The suit echoes criticism of the president by Republicans in Congress, who contend Obama has violated laws and ignored the Constitution in wielding unauthorized presidential powers. The Republican leadership in the House has scheduled a vote as early as today on a resolution to allow a lawsuit against the administration, focusing on Obama’s delay implementing the employer insurance mandate in the health-care law.
The administration came up with the fix to allow individuals to keep their policies after the rocky rollout of the health insurance exchanges left many people unable to buy new plans that complied with the act before their old ones expired.
Shifting that responsibility to the states violates provisions of the ACA and the constitutional limitations on the powers of the U.S. government, according to the complaint filed yesterday in federal court in Washington.
The Department of Health and Human Services “left the states solely responsible -- and accountable -- for deciding whether federal law would be enforced,” Morrisey said in the complaint. The president “cannot ignore a duly enacted federal law,” Morrisey wrote.
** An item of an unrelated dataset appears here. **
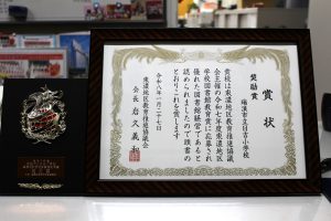 東濃地区学校図書館コンクールにおいて、日吉小学校の図書館が奨励賞を受賞し、27日に賞状と盾が授与されました。魅力的な図書館の雰囲気、子供や先生によるおすすめの本の紹介、必読書の取組状況、図書委員会の活動など、様々なところで高く評価してもらいました。家族読書週間などで保護者の方にもご協力をいただきました。ありがとうございました。今後も子どもたちの心の栄養となり、思考力を高める読書指導を進めていきます。

“It strikes me as very odd that a state regulator would be objecting to being allowed to exercise discretion by the federal government,” said Tim Jost, a professor of law at Washington and Lee University. “Normally, states regulate insurance. With the administrative fix, the administration said that it believed it was reasonable to phase certain ACA rules in, but state regulators retained control over their own insurance markets.”
As of the end of June, about 8 million people signed up for private health insurance plans using the Affordable Care Act’s exchanges, including 5.4 million who used the federal healthcare.gov system. Rules released last month seek to ensure that most of those customers are able to remain covered, as is common in employer-sponsored health plans.
Bill Hall, a spokesman for Health and Human Services, didn’t respond to a phone call seeking comment on the complaint.
Insurers and consumer advocates have been concerned the new rules may make renewals too complicated or force millions of people back to government websites. Under the proposal, 95 percent of customers who purchased plans through the federal website will be automatically renewed, unless they seek changes in their policy or their subsidies, according to the Department of Health and Human Services.
The initial administrative fix was announced in November. In March, the federal government again changed its regulation of Obamacare to give consumers and states more flexibility to decide on their health plans, insurers more time to sign up customers and taxpayers a chance to avoid more costs.
Under the change, Americans with health coverage that pre-dates Obamacare could stay on their plans for two more years, officials said.
Morrisey is asking the court to rule the administrative fix unlawful and to require the Department of Health and Human Services to work with Congress to address the millions of plans that Obamacare made illegal, according to the suit.
The case is West Virginia v. Department of Health and Human Services, 14-1287, U.S. District Court, District of Columbia (Washington).